Leon's neighbor is a 12-year-old named Matilda (Natalie Portman) whose father (Michael Badalucco) is mixed up with the drug trade. One day, a band of crooked cops, led by a crazed, pill-headed detective (Gary Oldman), invades Matilda's apartment and slaughters her whole family while she's at the store. Leon takes the desperate girl in, and before long, they bond--she has a crush on him, and he is moved to protect her. At her urging, he gives her the only gift he knows: lessons in "cleaning." The plot of The Professional is a framework for a series of long, bloody, deliberately paced action sequences. Each of these scenes--a depiction at the beginning of a typical day's work for Leon, his raid on a police station or his final defense of his and Matilda's pad against a SWAT team--is served up like a showpiece, very much like the production numbers in a musical, and each of them crackles with a seductive, hallucinatory vividness. Besson's shoot-outs suggest what Quentin Tarantino's movies might be like if Tarantino were as visual as he is verbal. Besson's trouble, conversely, is with dialogue and characterization (he also wrote the script). Matilda, mostly because of Portman's unnervingly assured performance, is convincing as a precocious adolescent. If anyone in the cast deserves to be called a professional, it's she. The only performance that's out-and-out bad is Gary Oldman's. He's quite frightening at first, when he's killing off Matilda's family, ambling around the apartment spouting gibberish about his favorite composers between shooting people.

If Oldman displayed a little restraint in the rest of the film, the contrast might make him a truly fine villain. But he tries to play all his subsequent scenes on the same wild level, shrieking words at random and trembling with ecstasy for no reason, and he's abysmal. Smashing as Oldman has been in some of his earlier roles, he's mistaken if he thinks he's one of those Brit actors who can give self-indulgent bad acting so much panache it becomes good.

The comic scenes in which Leon and Matilda find closeness in each other are mawkish, with pedophilic overtones.
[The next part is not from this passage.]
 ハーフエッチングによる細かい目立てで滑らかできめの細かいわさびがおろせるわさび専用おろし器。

Probably, Besson intends this sappiness ironically, or at least hopes that the assumption of irony by audiences and critics will help him get away with sexualizing a kid. Portman is directed to play a frankly seductive waif--though not a manipulator; her love for Leon seems to be genuine--and she's costumed and photographed like Madonna in the singer's early videos.
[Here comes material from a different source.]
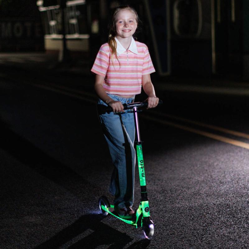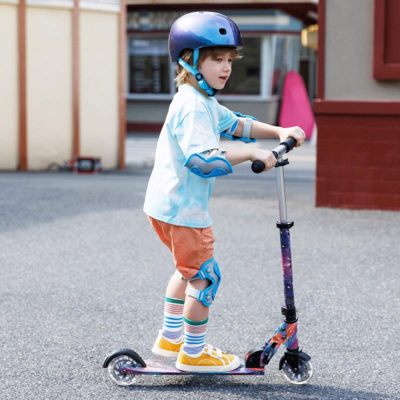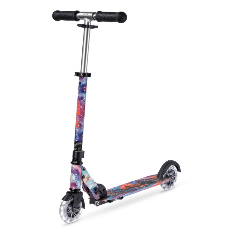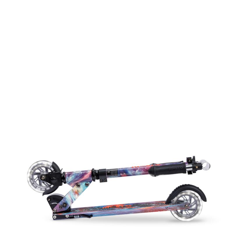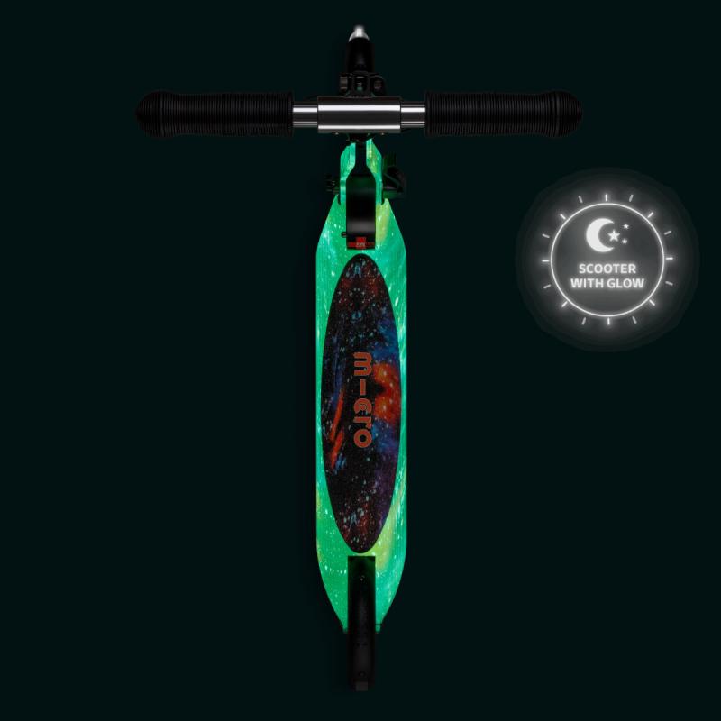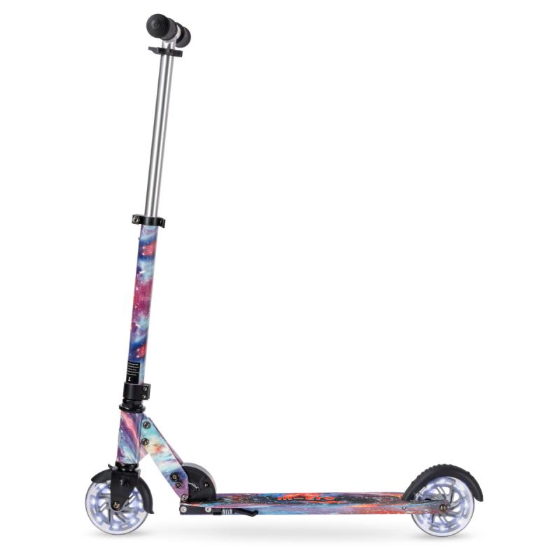 Táto detská skladacia kolobežka ponúka kombináciu praktického dizajnu a originálneho vizuálneho štýlu inšpirovaného vesmírom. Vďaka technológii Glow sa po nasvietení jemne rozžiari, čo spolu s LED kolieskami vytvára jedinečnú atmosféru pri jazde i za šera.

Ironic or not, this is clearly an objectification (someday, I'd guess, the cops will find a copy of The Professional in the video collection of some minister or junior high teacher they're arresting). Yet it seems silly to single out Besson for this, since he has some awareness that he's doing it, and since he at least makes the child a strong character. Besson's coy Gallic fantasizing about playing protector to a streetwise gamine is sort of icky, no question. It's not an uncommon theme in French movies, either--see Serge Bourguignon's 1962 Sundays and Cybäle or Catherine Breillat's 1988 36 Fillette, which is grittier and more sympathetic to the girl. By making this theme less subliminal, Besson may be making it more obviously fantasy, and thus less unhealthy, than the doll-like cheesecake with which young girls are presented, unconsciously, in mainstream movies ranging from James L. Brooks' I'll Do Anything to John Hughes' Curly Sue. At least when Besson thanks 'eaven for leetle girls, it's because they get beeger every day.